◆ Work task ◆
Nothing except the pictures should be left out when you reproduce the listing exactly.

--- Supplied data ---

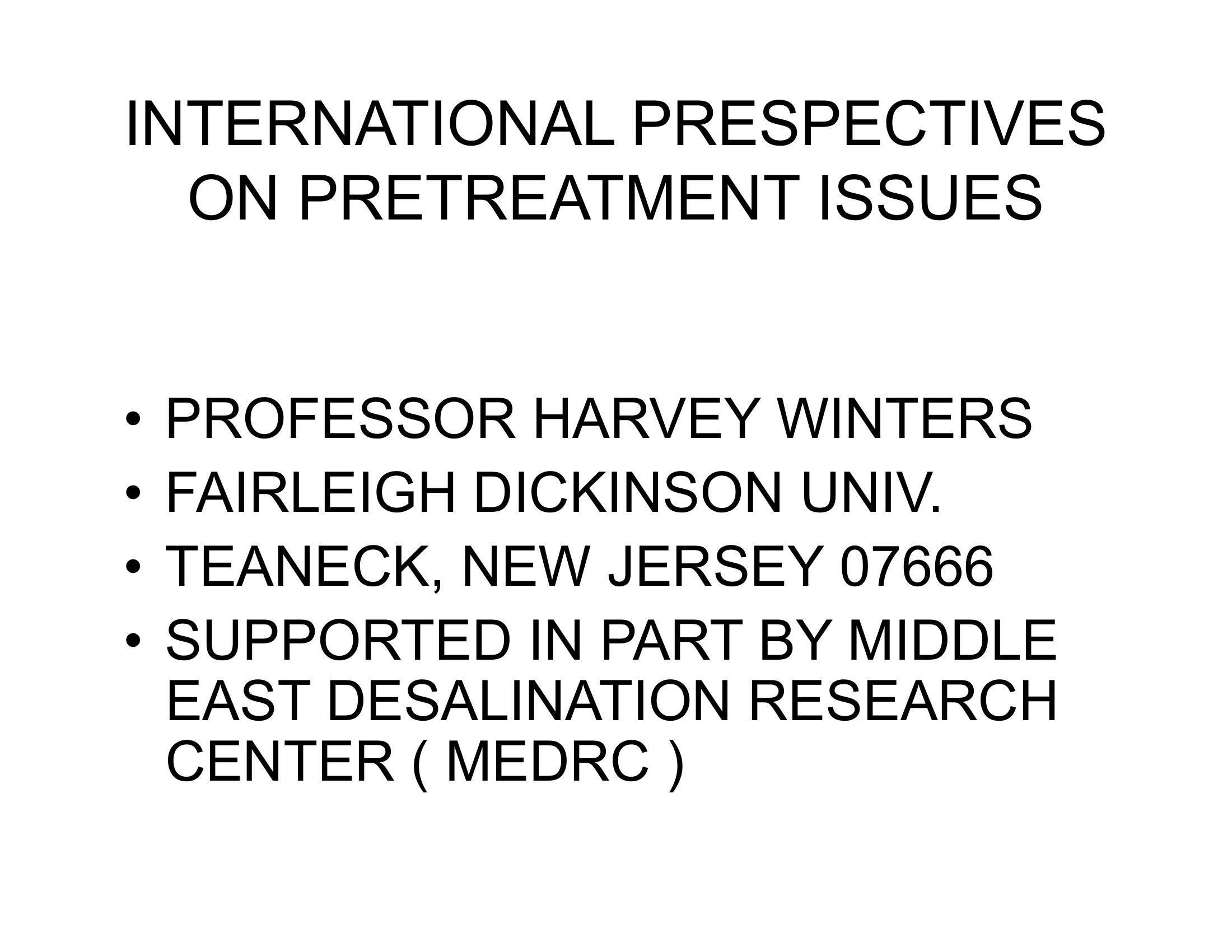 An international look of seawater reverse osmois pretreatment applications. The issues of membrane scaling and fouling are addressed as well as insight on the need for further research on the efficacy of microfiltration and ultrafiltration for pretreatment.
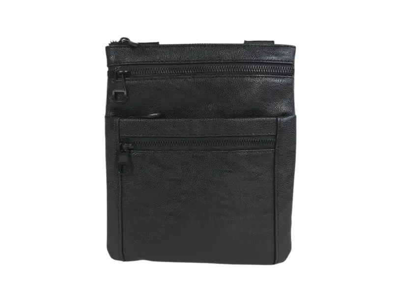 Компактна мъжка чанта за през рамо - Мъжка чанта от еко кожа. - Едно основно отделение с цип. - Три предни джоба с цип. - Заден джоб с цип. - Дълга, регулираща се дръжка.
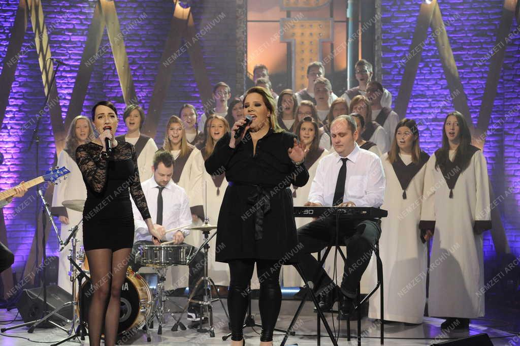 Tóth Vera (j) és testvére, Tóth Gabi énekesek a miskolci Fráter gospel kórussal közös dalt adnak elő a DTK - D. Tóth Kriszta Show TV-felvételén, az MTVA 1-es stúdiójában.
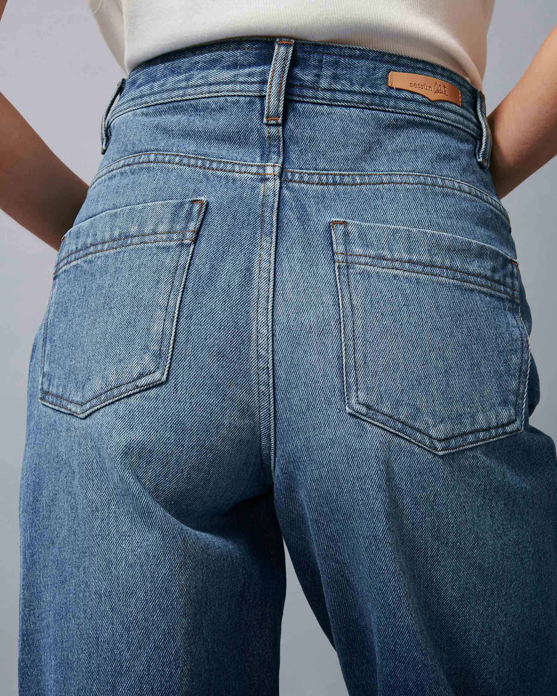 Straight-leg high-waisted jeans, tighter at the bottom, in washed garment-dyed denim.

---

◆ Task solution ◆
 An international look of seawater reverse osmois pretreatment applications. The issues of membrane scaling and fouling are addressed as well as insight on the need for further research on the efficacy of microfiltration and ultrafiltration for pretreatment.
 Компактна мъжка чанта за през рамо - Мъжка чанта от еко кожа. - Едно основно отделение с цип. - Три предни джоба с цип. - Заден джоб с цип. - Дълга, регулираща се дръжка.
 Tóth Vera (j) és testvére, Tóth Gabi énekesek a miskolci Fráter gospel kórussal közös dalt adnak elő a DTK - D. Tóth Kriszta Show TV-felvételén, az MTVA 1-es stúdiójában.
 Straight-leg high-waisted jeans, tighter at the bottom, in washed garment-dyed denim.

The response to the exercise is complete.